[moneydance] Help !! Please tell me I'm crazy !! or dumb or..
Fuzzy Fox
fox at foxtaur.com
Wed Mar 5 01:22:33 EST 2008
Katahdin <MoneyDance at intermod.net> wrote:
>
> Unfortunately, for old guys like me who learned it one way, basic
> accounting standards, it was/is still confusing when you're looking at
> historical JE (journal entries), which in my case are mostly splits to
> one type or another acct. It's like having to drive on the left (or
> right) depending on where you are !!
I was just telling you how Moneydance works; it doesn't mean I think it
makes sense, or that I think it should work that way. :)
> So how about the Income / Expense accts?

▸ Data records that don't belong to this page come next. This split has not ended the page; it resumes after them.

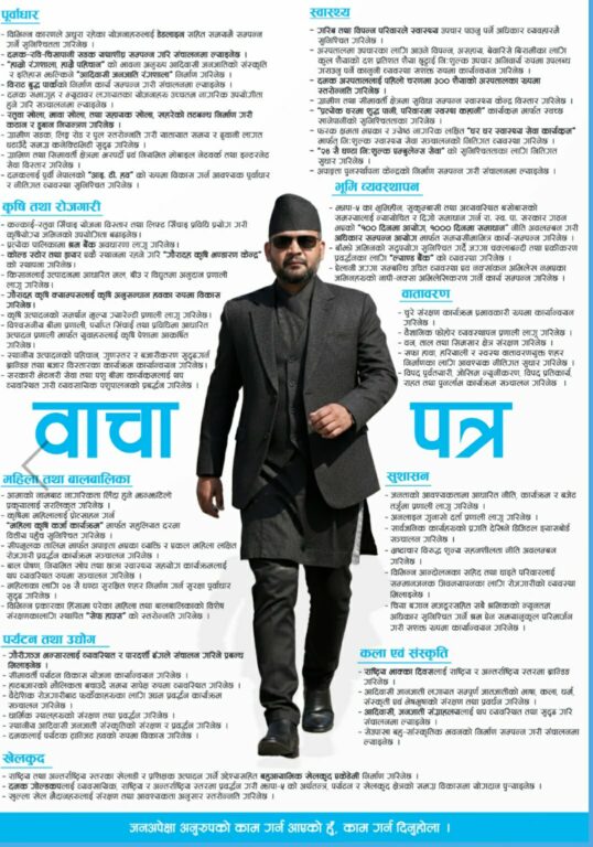 काठमाडौं । झापा–५ बाट प्रतिनिधिसभा सदस्यको उम्मेदवार बनेका राष्ट्रिय स्वतन्त्र पार्टी (रास्वपा) का वरिष्ठ नेता बालेन्द्र शाह (बालेन) ले सोमबार चुनावी घोषणापत्र ( बाचापत्र ) सार्वजनिक गरेका छन् । जसमा उनले मुख्य ९ वटा प्रतिबद्धता जनाएका छन् ।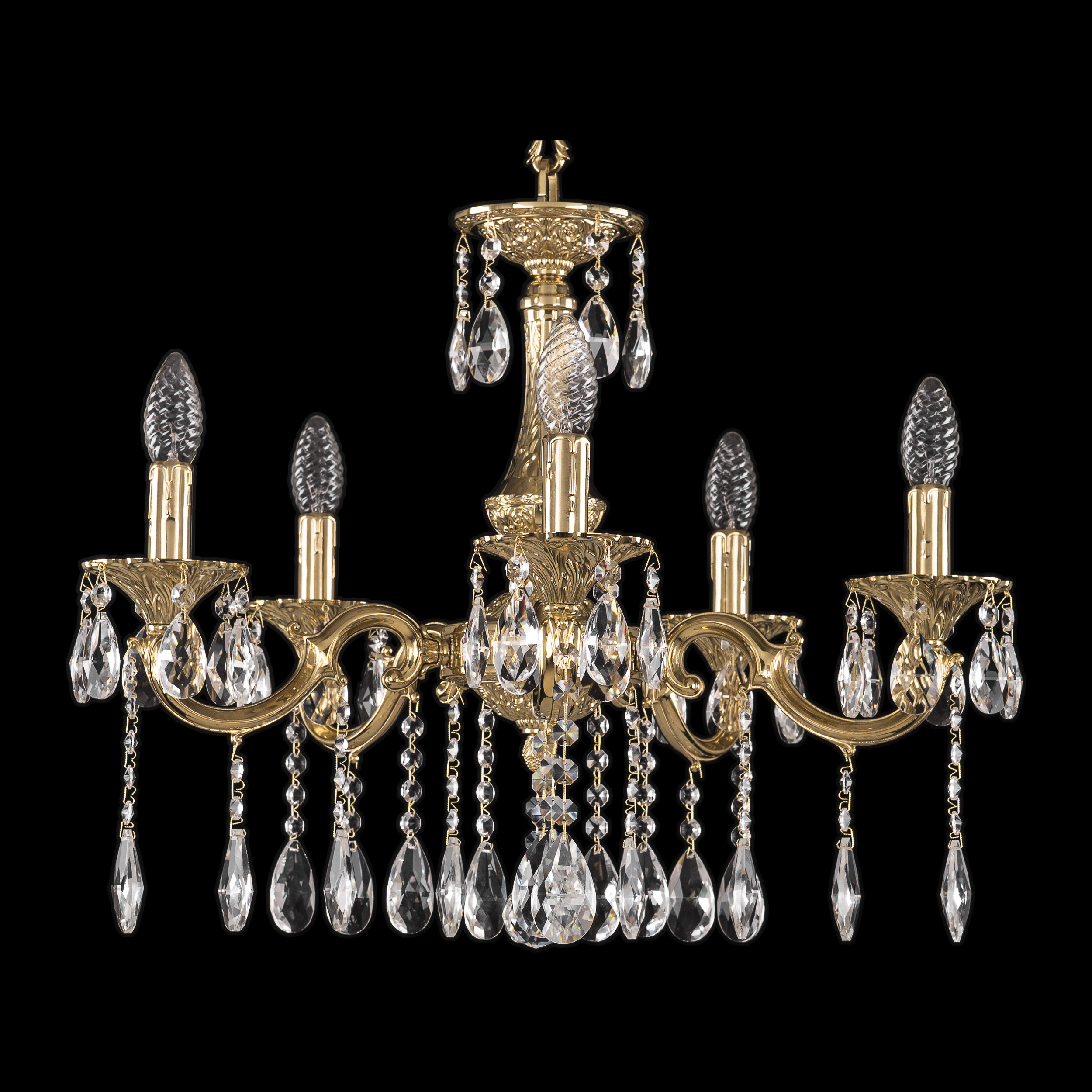 Допускается отличие страны-изготовителя, указанной в характеристиках. Линии производства могут находиться в нескольких государствах. Это не влияет на качество изготовления товара: все заводы данного бренда работают по общим стандартам, а готовые изделия проходят соответствующий контроль.Чехия Коллекция 7201 ЦветЦвет арматуры Золото Цвет Золото Материал арматуры Латунь Цвет декора бесцветный РазмерыВысота (мм) 450 Диаметр (мм) 580 Ширина (мм) 580 ЭлектрикаКоличество ламп (шт) 5 Цоколь E14 Мощность лампы (Вт) 40 Дополнительная информацияВес (Кг) 6 Тип подвеса На цепи -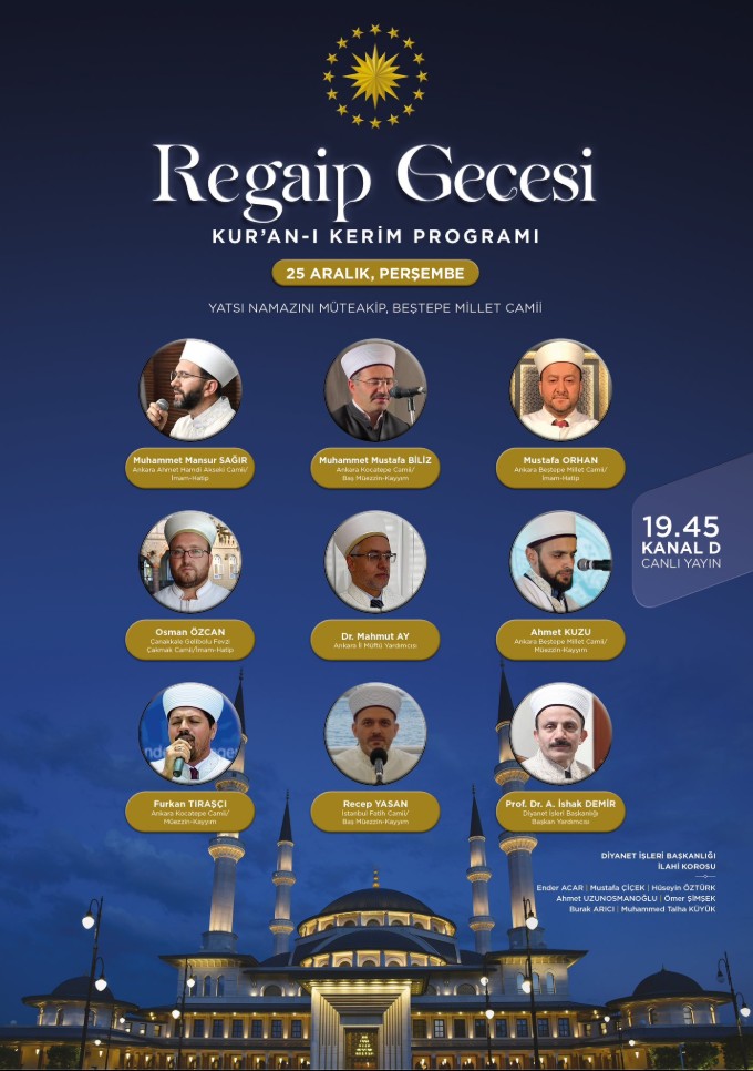 T.C. Cumhurbaşkanlığı tarafından yapılan açıklamaya göre, 25 Aralık Perşembe günü Beştepe Millet Camii’nde Regaip Gecesi’ne özel bir program düzenlenecek.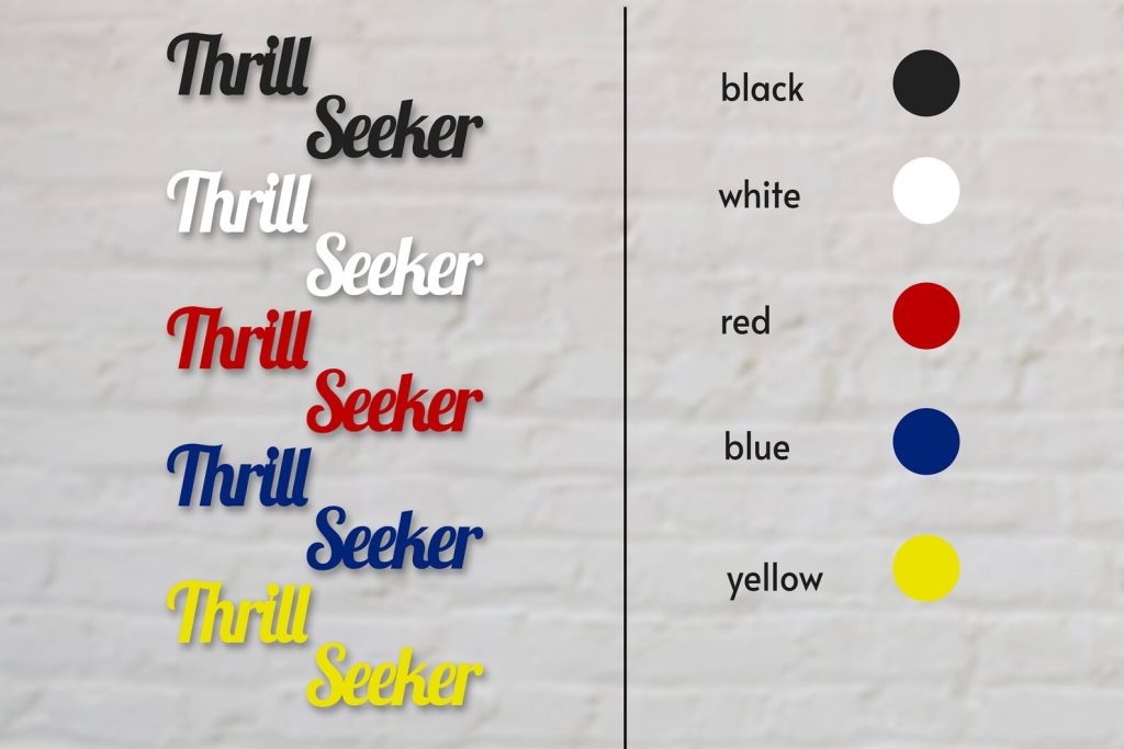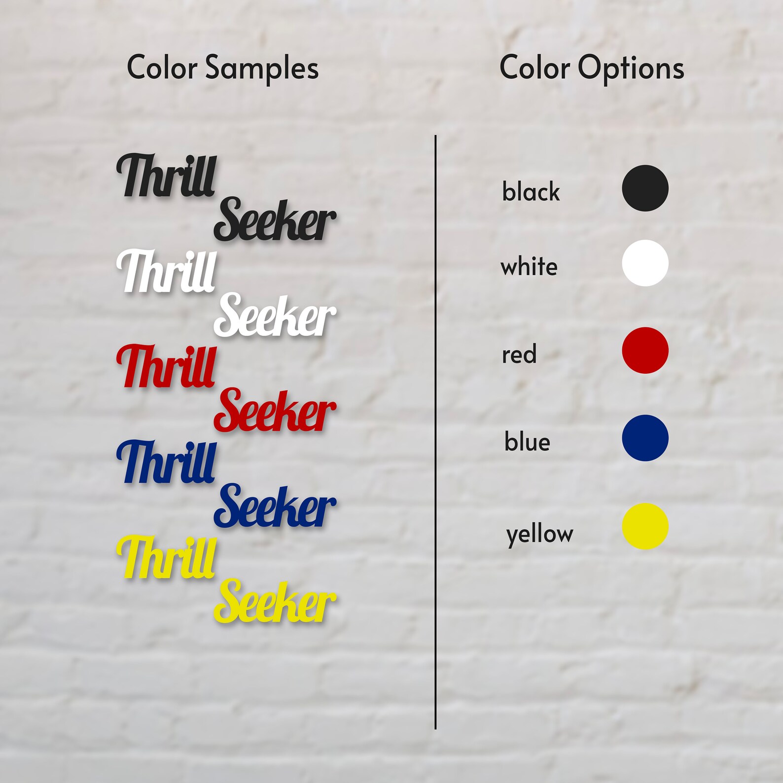 As a handmade product, the Metal Thrill Seeker Sign is laser cut with precision and care. It is available in four different sizes, ranging from 16 inches to 55 inches, and five different colors, including black, white, red, blue, and yellow.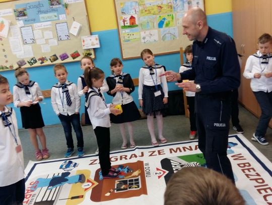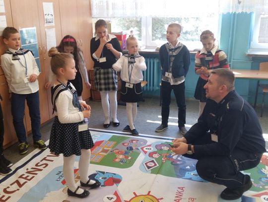Pierwszoklasiści klas Szkoły Podstawowej nr 2 w Gryfinie gościli gryfińskich policjantów. Funkcjonariusze przeprowadzili spotkanie na temat bezpieczeństwa ruchu drogowego, a także kontaktu z osobami obcymi.
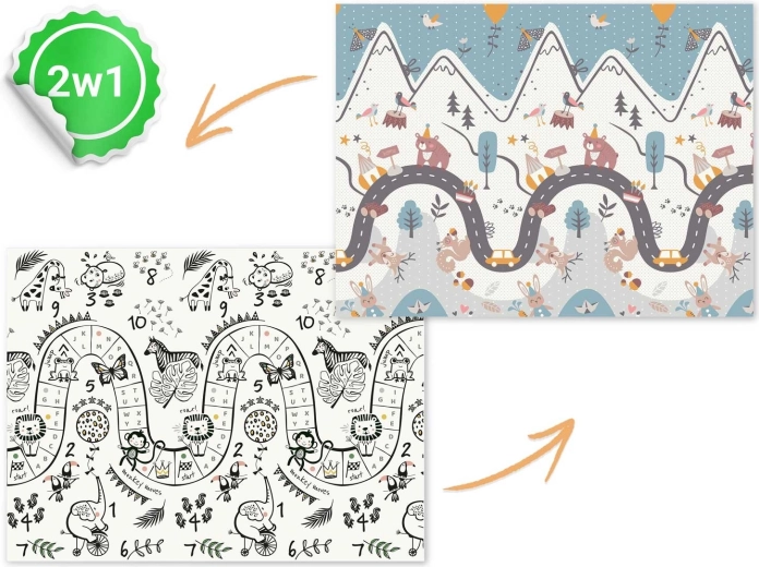 Chaque face propose un motif différent – des animaux ludiques et des chiffres aux routes et paysages – pour stimuler l’imagination, le calcul et le jeu autonome.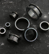 Black PVD MOP Rim Stainless Steel Tunnel Plugs

You know, I have never looked closely at these. My assumption would
have been that Income accounts, because you draw money from them and
store them into your accounts, should have Negative balances. And
Expense accounts should have positive balances, from all the money you
are transferring into them.
However, to my surprise, they both have positive balances. And this is
done by swapping the Increase / Decrease columns in the Income account
type.
> BUT - One of the reasons, I (and many others) liked the original Dos
> Quicken, is that the accounting transactions were clean and simple.
I came from the old Quicken days, too (I still use Ctrl-Alt-Q hotkey, to
launch Moneydance!), and I always thought the fact that Credit Cards and
Loans had Positive balances when you owed money to them, just made
sense. The bills that the banks sent you display the amounts in this
manner, so it was consistent with that.
I always thought Moneydance was simply being slavishly consistent to its
own internal accounting model, and that was the reason these accounts
showed negative balances all the time. But now that I've seen how
Income accounts look, I realize that Moneydance is not even following
its own rules consistently, and I find that that annoys me.
Of course, Intuit no longer makes any version of Quicken that I am
interested in using. Moneydance is the best around. :)
--
Fuzzy Fox <fox at foxtaur.com>
"Why a man would want a wife is a big mystery to some people.
Why a man would want two wives is a bigamystery."